The Linpack Benchmark

As a yardstick of performance we are using the `best' performance as measured by the LINPACK Benchmark. LINPACK was chosen because it is widely used and performance numbers are available for almost all relevant systems.

The LINPACK Benchmark was introduced by Jack Dongarra. A detailed description and frequently asked questions can be found: http://www.netlib.org/utk/people/JackDongarra/faq-linpack.html

A parallel implementation of the Linpack benchmark and instructions on how to run it can be found at http://www.netlib.org/benchmark/hpl/.

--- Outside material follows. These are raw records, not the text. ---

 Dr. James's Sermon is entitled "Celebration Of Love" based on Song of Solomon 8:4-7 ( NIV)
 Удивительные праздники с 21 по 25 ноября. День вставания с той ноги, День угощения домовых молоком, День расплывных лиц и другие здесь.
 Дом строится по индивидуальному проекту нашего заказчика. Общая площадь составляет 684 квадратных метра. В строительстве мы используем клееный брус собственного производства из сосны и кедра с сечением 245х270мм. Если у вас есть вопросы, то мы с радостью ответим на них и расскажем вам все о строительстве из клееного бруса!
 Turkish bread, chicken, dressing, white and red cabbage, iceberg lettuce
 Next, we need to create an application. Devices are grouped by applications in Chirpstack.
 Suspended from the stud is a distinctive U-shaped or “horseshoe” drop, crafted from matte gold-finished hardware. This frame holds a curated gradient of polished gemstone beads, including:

The benchmark used in the LINPACK Benchmark is to solve a dense system of linear equations. For the TOP500, we used that version of the benchmark that allows the user to scale the size of the problem and to optimize the software in order to achieve the best performance for a given machine. This performance does not reflect theoverall performance of a given system, as no single number ever can. It does, however, reflect the performance of a dedicated system for solving a dense system of linear equations. Since the problem is very regular, the performance achieved is quite high, and the performance numbers give a good correction of peak performance.

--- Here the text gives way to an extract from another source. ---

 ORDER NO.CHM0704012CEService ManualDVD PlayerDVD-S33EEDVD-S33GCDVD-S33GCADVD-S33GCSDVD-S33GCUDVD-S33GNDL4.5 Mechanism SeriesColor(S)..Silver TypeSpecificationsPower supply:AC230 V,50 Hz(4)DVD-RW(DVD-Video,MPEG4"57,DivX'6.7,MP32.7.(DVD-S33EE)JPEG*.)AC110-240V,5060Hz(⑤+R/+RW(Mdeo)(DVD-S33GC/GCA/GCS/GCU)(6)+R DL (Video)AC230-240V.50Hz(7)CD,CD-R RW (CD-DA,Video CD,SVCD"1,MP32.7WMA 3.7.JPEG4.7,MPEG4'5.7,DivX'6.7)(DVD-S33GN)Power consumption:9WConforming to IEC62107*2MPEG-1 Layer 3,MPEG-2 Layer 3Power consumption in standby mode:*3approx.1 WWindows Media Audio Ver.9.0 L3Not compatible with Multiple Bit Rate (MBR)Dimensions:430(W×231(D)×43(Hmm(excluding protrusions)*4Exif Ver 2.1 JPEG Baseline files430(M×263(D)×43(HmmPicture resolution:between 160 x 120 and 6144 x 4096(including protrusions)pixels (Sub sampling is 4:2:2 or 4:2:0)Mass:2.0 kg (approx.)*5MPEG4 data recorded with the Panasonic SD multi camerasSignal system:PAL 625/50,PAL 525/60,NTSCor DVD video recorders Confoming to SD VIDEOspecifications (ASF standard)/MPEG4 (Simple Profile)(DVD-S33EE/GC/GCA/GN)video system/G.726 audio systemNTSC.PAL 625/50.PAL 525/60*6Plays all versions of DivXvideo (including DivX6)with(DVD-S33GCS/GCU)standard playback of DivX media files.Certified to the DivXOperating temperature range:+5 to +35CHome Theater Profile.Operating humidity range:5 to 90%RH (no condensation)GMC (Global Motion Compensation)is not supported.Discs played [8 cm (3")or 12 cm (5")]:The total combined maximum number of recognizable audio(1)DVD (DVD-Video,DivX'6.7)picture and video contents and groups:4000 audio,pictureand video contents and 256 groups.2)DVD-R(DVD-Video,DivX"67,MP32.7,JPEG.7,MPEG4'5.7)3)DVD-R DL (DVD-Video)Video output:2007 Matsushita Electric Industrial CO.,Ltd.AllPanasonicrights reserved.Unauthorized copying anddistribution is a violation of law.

By measuring the actual performance for different problem sizes n, a user can get not only the maximal achieved performance Rmax for the problem size Nmax but also the problem size N1/2 where half of the performance Rmax is achieved. These numbers together with the theoretical peak performance Rpeak are the numbers given in the TOP500. In an attempt to obtain uniformity across all computers in performance reporting, the algorithm used in solving the system of equations in the benchmark procedure must conform to LU factorization with partial pivoting. In particular, the operation count for the algorithm must be 2/3 n^3 + O(n^2) double precision floating point operations. This excludes the use of a fast matrix multiply algorithm like "Strassen's Method" or algorithms which compute a solution in a precision lower than full precision (64 bit floating point arithmetic) and refine the solution using an iterative approach.